A vez do populismo de esquerda

Nosso continente repete a tradição de se movimentar de forma pendular. Ora para a direita, ora para a esquerda. A mais recente guinada aconteceu no Peru, com a eleição por estreita margem de votos do ultra esquerdista Pedro Castillo. A mesma onda levou ao retorno dos peronistas ao poder, com a eleição de Alberto Fernandes na Argentina, e do MAS de Evo Morales na Bolívia.

Foi também o motor da convulsão social no Chile, responsável pela fragorosa derrota da direita e dos partidos tradicionais na eleição para a Assembléia Constituinte. A Colômbia, cujas ruas estão deflagradas, pode ser a próxima bola da vez, no ano que vem, quando haverá a eleição presidencial.

O pêndulo pode guinar para o outro extremo a qualquer hora. Que o diga o presidente da Argentina, cuja aprovação despencou de 67% para 26% em apenas 13 meses.
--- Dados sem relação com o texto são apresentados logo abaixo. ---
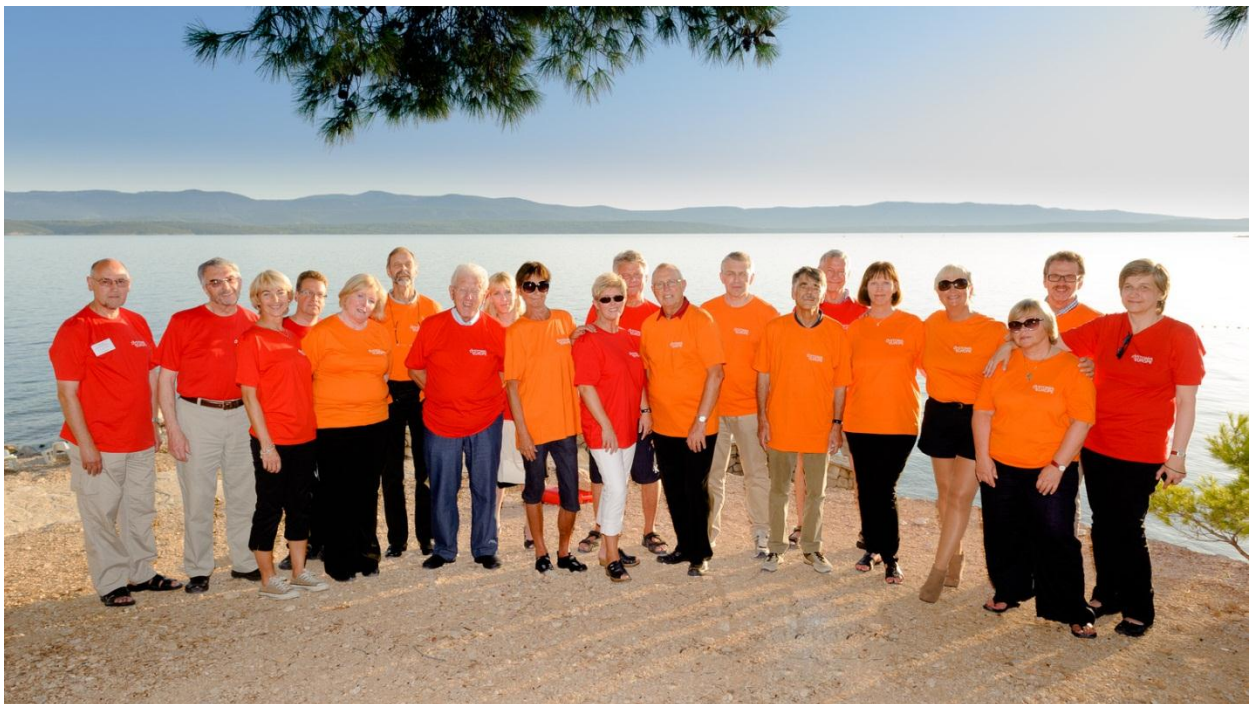
DE delegates from all over Europe gathered in Bol, Croatia 2012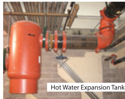
Hot Water Expansion Tank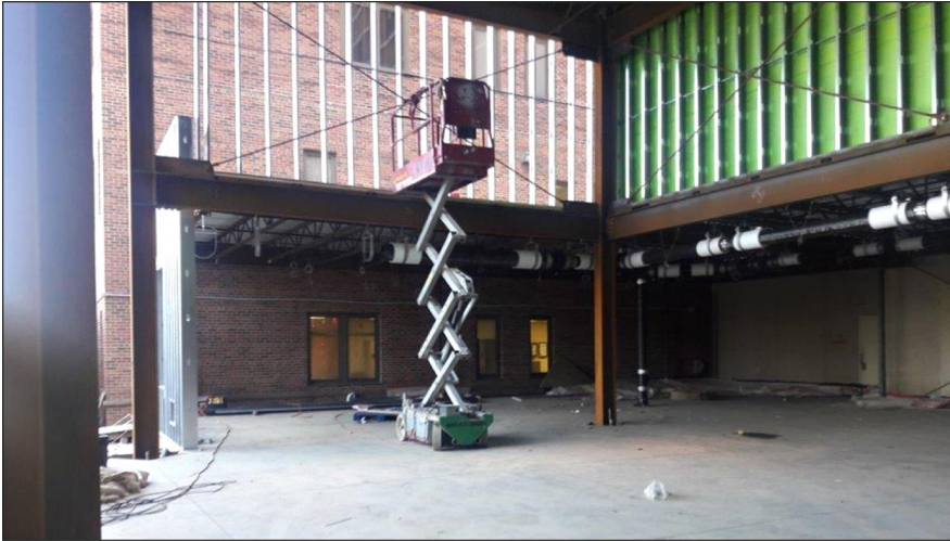
Figure 7: Kansas City Veterans' Service Center Addition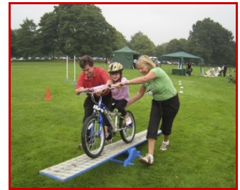
Obstacle course Nostell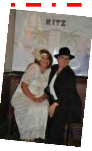
Page 15 of 23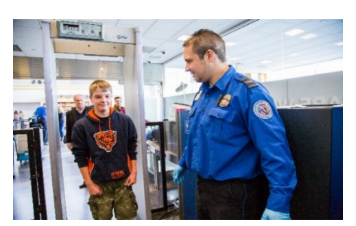
A Transportation Security Officer at Ronald Reagan Washington National Airport ensures a smooth screening process.

U.S. transportation systems accommodate approximately 823 million domestic and international aviation passengers per year, 604 million passengers traveling on buses each year, more than 10 billion passenger trips on mass transit per year, 26 million students daily on school buses, nearly 900,000 chemical shipments every day, approximately 140,000 miles of railroad track, 4 million miles of highway, 612 thousand highway bridges, 473 road tunnels, and nearly 2.7 million miles of pipeline.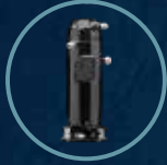
CO 2 SCROLL COMPRESSOR Variable and fixed speed Medium and low temperature High and low standstill pressure design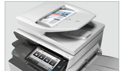
Sharp's ImageSEND™ feature provides one-touch distribution to email, cloud applications and more.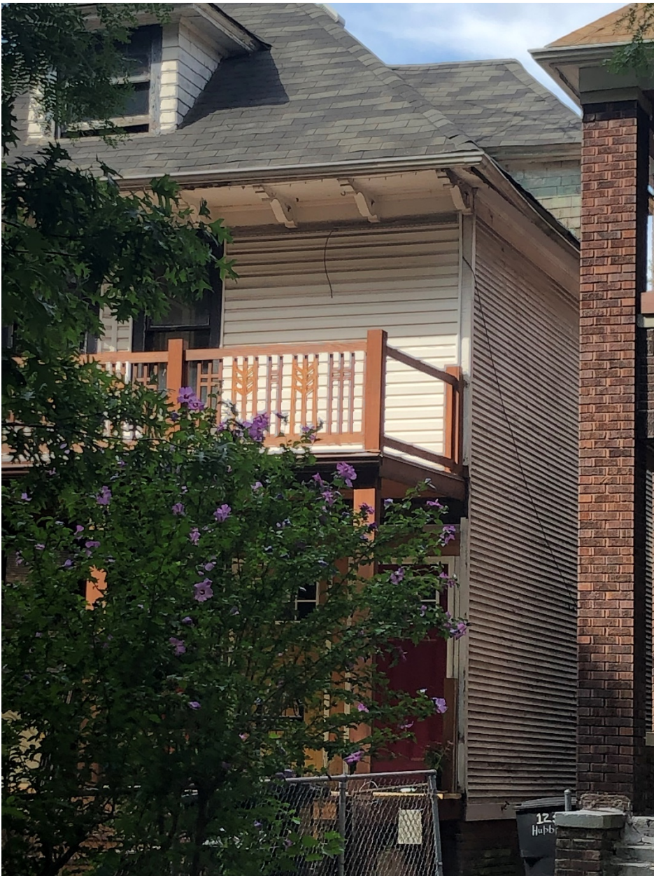
Here you see the transition from the vinyl siding to the historic narrow clapboard siding.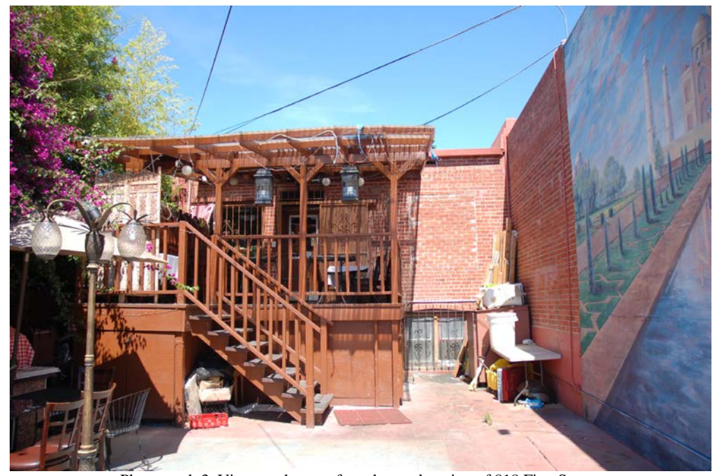
Photograph 3. View northwest of southeast elevation of 818 First Street.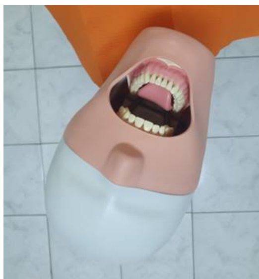
Figure 8. Patient's head lateral flexion.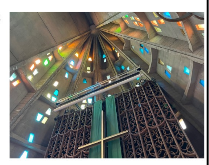
Things are looking up ...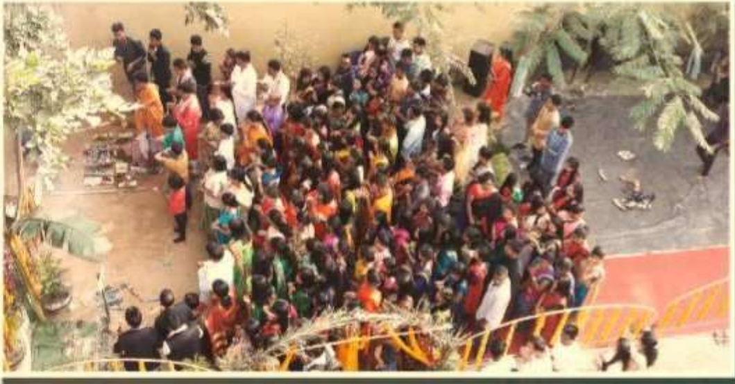
Students are present on the occasion of 'Nirmali' on Saraswati Puja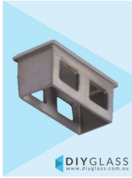
50x25mm End Cap for Glass Offset Rail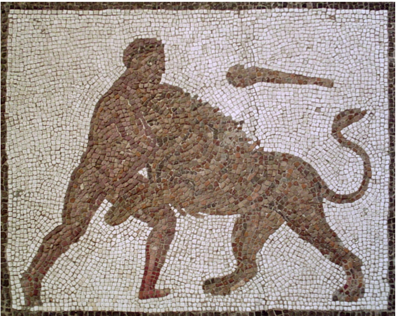
"Heracles Slaying the Lion." Roman mosaic, Liria, Spain.

Her name was Henrietta. She was a golden lioness, born on the grasslands of Africa, sired by a black-maned king of the savannah. She was still a cub when poachers decimated her pride, killing the lions for their teeth and claws and bones. The cubs were rounded up and sold on the black market. She became the pet of an Emirati sheikh, who later sold her to a Miami cocaine lord who enjoyed walking her on a leash amid the topiary beasts of his estate, ribbons of smoke curling from his Cuban cigar.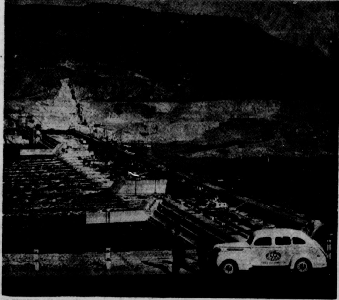
The motorlog car at the west end of Grand Coulee dam

O pano de fundo para tamanha instabilidade é a secular desigualdade social, para a qual nem a esquerda nem a direita deram resposta satisfatória. Como demonstrou Eduardo Galeano no seu livro As Veias Abertas da América Latina, é um problema herdado do período colonial. A partir do final do século XX deu um salto exponencial.

A globalização trouxe ganhos para a região, mas não equacionou a desigualdade. Ao contrário, tornou-a mais grave, gerando um enorme exército de perdedores e excluídos. A pandemia lhe deu visibilidade, com os desassistidos sendo as principais vítimas e morrendo como moscas, como é o caso do Peru, país de uma população de 33 milhões de habitantes e com 187 mil mortos por Covid-19 – o maior índice do mundo de mortos por um milhão de habitantes.
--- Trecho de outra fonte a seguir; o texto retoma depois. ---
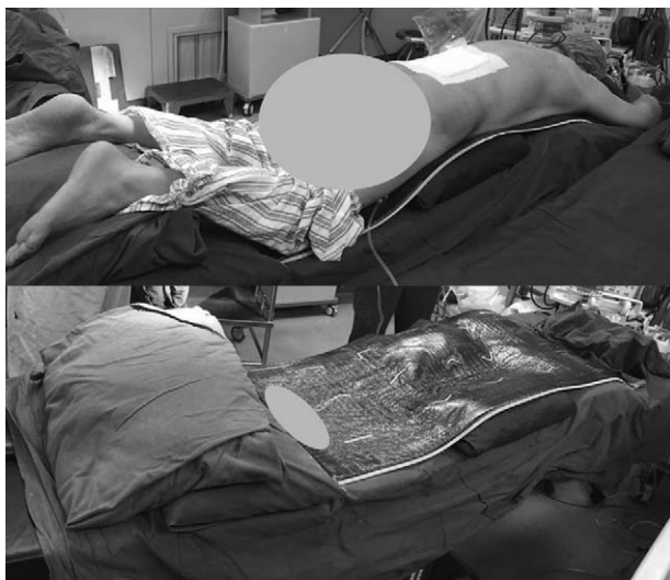
Figure 1. View of a patient positioned prone in a standard manner and the operating table. Two chest pads and 2 iliac pads were placed to allow the abdomen to hang free. The knees and shins were also placed on pads. The operating table was adjusted to make the hip and the knees in slight flexion.

The parameters in Table 1 were measured using the Picture Archiving and Communication System (PACS system, GE) and surgimap spine (Nemaris). We measured LL and Cobb angle on preoperative standard anteroposterior and lateral radiographs (standing position, with full extension of hips and knees, elbow flexion and hands on the clavicle, including bilateral femoral heads). Preoperative MRI was also available, through which LL measured on MRI in supine position (MRLL) and Cobb's angle measured on MRI in supine position (MRCobb) were obtained. The 20 patients investigated were positioned in a standard manner on an operating table. The operating tables were of the same type; 2 chest pads and 2 iliac pads were placed to allow the abdomen to hang free. The knees and shins were also placed on pads of the same height. The operating table was adjusted to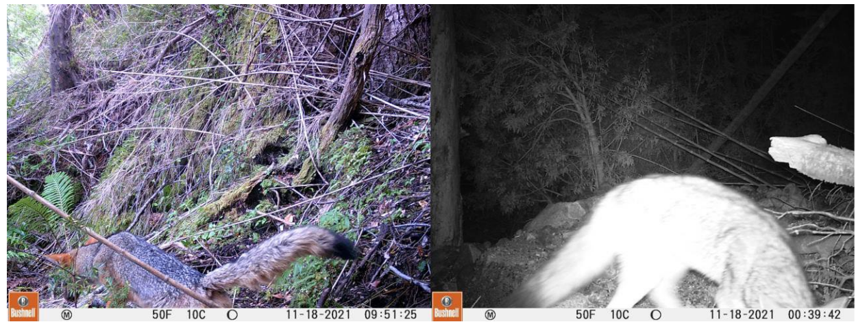
Figure 6. Pictures of Andean fox Lycalopex culpaeus , in Menéndez Lake, Los Alerces National Park.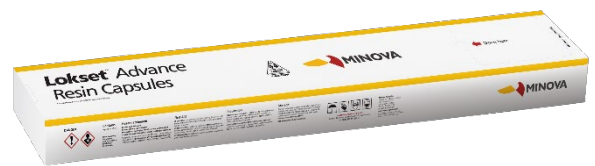
Figure 1 - Lokset Advance Resins

The Lokset Advance resin capsule consists of a reinforced, thixotropic polyester resin mastic in one compartment and an organic peroxide catalyst separated by a physical barrier in the other. The rotation of the bolt during installation ruptures the capsule, shreds the skin and mixes the two components causing a chemical reaction and transforming the resin mastic into a solid anchor.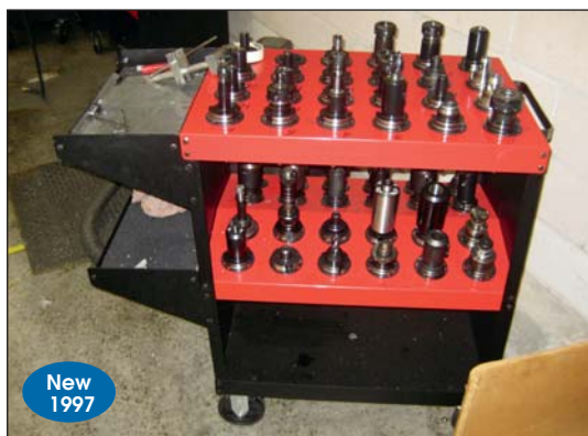
CNC Tool Holders w/Huot Cart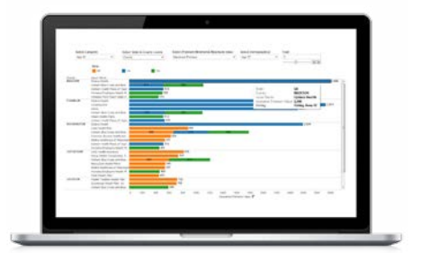
Figure 7, 8, 9: Drill down reports

eInfochips is a premier Tableau alliance partner for integrating Tableau capabilities to vertical industry solutions across Retail, Manufacturing, Utilities, and also the Healthcare. eInfochips has proven expertise and customization/integration solutions for companies that have adopted, or are looking to adopt Tableau.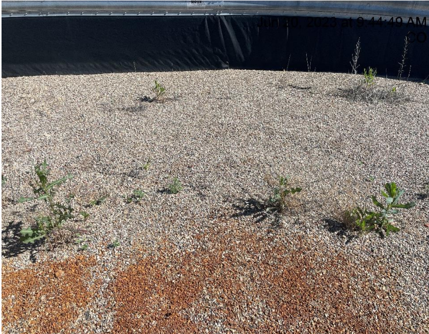
Photo # 1090 Weeds/Undesirable plant species in secondary containment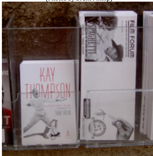
Alternate Funny Face display and flyer dispenser at Film Forum.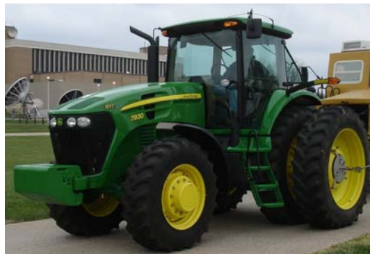
JOHN DEERE 7930 IVT DIESEL

Institute of Agriculture and Natural Resources University of Nebraska-Lincoln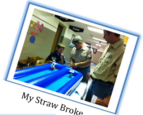
My Straw Broke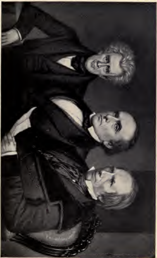
WEBSTER, CLAY, AND JACKSON

É fácil entender por que os peruanos elegeram um presidente com um discurso mais à esquerda do que o de Nicolás Maduro, em matéria de economia, e de um conservadorismo nos costumes que o pastor Silas Malafaia e o presidente Jair Bolsonaro assinariam embaixo. É um coquetel com tudo para dar errado. Pode repetir a tragédia da Venezuela ou gerar enormes frustrações e levar o eleitorado ao movimento inverso mais à frente.

A eleição de Castillo é resultado dos efeitos perversos.  O Peru tinha uma economia fortemente engessada antes do chamado “milagre peruano”, iniciado nos anos 90, no governo de Alberto Fujimori. O Estado era proprietário até de fábrica de papel higiênico – um déficit fiscal imenso e disparada da inflação. Fujimori adotou um programa de privatizações e reformas radicais, com base em uma economia de produtos primários, principalmente minérios, e de baixíssimos investimentos sociais.
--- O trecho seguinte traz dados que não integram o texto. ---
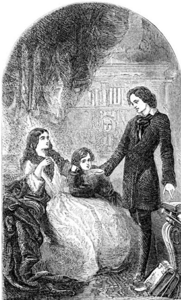
Charlie's Father talking to him.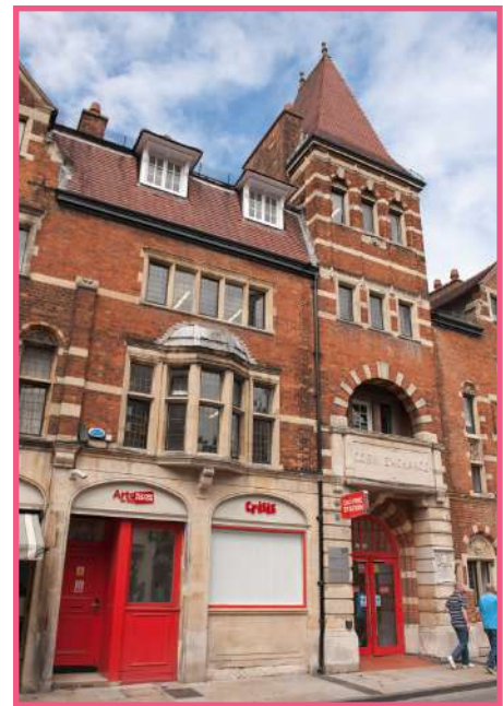
Old Fire Station Credit Crisis UK

The Old Fire Station in Oxford (UK) "is a public arts centre presenting new work across art forms, supporting artists and including people facing tough times." This choice of vocabulary invites people to relate to "tough times" of their own and helps those who have not experienced homelessness to think about how "tough" it might be. The Old Fire Station is owned by Oxford City Council and had been a cultural space for decades before it was remodelled and reopened in 2011. The building is run by Arts at the Old Fire Station (a charitable company set up by the Council) in partnership with the homeless charity Crisis. The Arts at the Old Fire Station Trustees' report explains: "Through this partnership, we offer people who are homeless space to define themselves and choose their own labels by including them in the running of the centre. We look for ways of including others who are socially isolated and disadvantaged. This improves the quality of what we do, helps develop networks, builds resilience and leads to more stable lives. We do this, with Crisis, by offering a public space which is shared by very different people and helps to break down barriers and promote solidarity in Oxford. We prioritise building good quality relationships within our team, with our public and with partner organisations."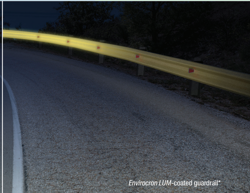
Envirocron LUM-coated guardrail*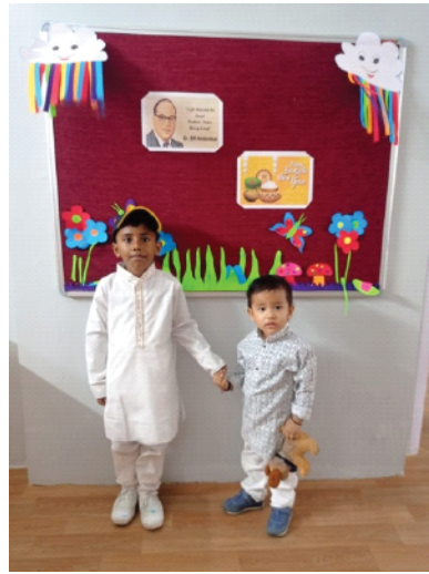
PUNJABI PARA BRANCH

Todos os sucessores de Fujimori mantiveram o modelo, por uma razão simples: durante três décadas a economia se desenvolveu de forma sustentada, chegando a ter uma média de crescimento de 6,4% nos anos de 2000 a 2014, bem superior à média latino-americana, que foi de 3,9% no mesmo período. O modelo reduziu a pobreza. Sua taxa era de 55,7% em 2001, e caiu para 30,1% em 2020. Guardadas as devidas proporções, o mesmo aconteceu no Chile, onde todos os governos posteriores mantiveram a política econômica de Pinochet.

O “milagre peruano” beneficiou a população de forma extremamente desigual, gerando um contingente imenso de perdedores. Enquanto nas regiões urbanas a pobreza é de 26%, na serra rural é de 50.4% e na selva rural de 39.3%. Isto explica por que a filha e herdeira de Fujimori ganhou as eleições nas cidades, onde estão os ganhadores da globalização, enquanto Pedro Castillo se elegeu com o voto das áreas rurais.

O esgotamento desse modelo já se fazia sentir antes mesmo da pandemia.  A maioria da população, cerca de 55%, queria mudança. A instabilidade política foi a marca dos últimos quatro anos. Nesse período o país teve quatro presidentes. Não dava tempo sequer para os peruanos aprenderem o nome do novo presidente e já vinha outro.

Com sinal trocado, aconteceu no Peru fenômeno semelhante à eleição de Donald Trump em 2016, que chegou à presidência dos Estados Unidos com o voto do fundão do país, onde estavam os excluídos da globalização. Assim foi na vitória do Brexit na Inglaterra e por aí vai. O populismo, seja de direita, como é o nosso caso, seja de esquerda, tem sido a resposta equivocada para os males da globalização.

No caso da América do Sul a tentação populista é enorme, tal a dimensão de catástrofe da desigualdade. Não surpreende ser a região, ao lado da Índia, o epicentro da atual pandemia do Coronavírus. Os peruanos votaram no que consideram o mal menor. Correm o risco de se arrependerem, assim como hoje está arrependida boa parte de nossos eleitores que votaram em Bolsonaro.

Este artigo foi originalmente publicado no Blog do Noblat, em 16/6/2021.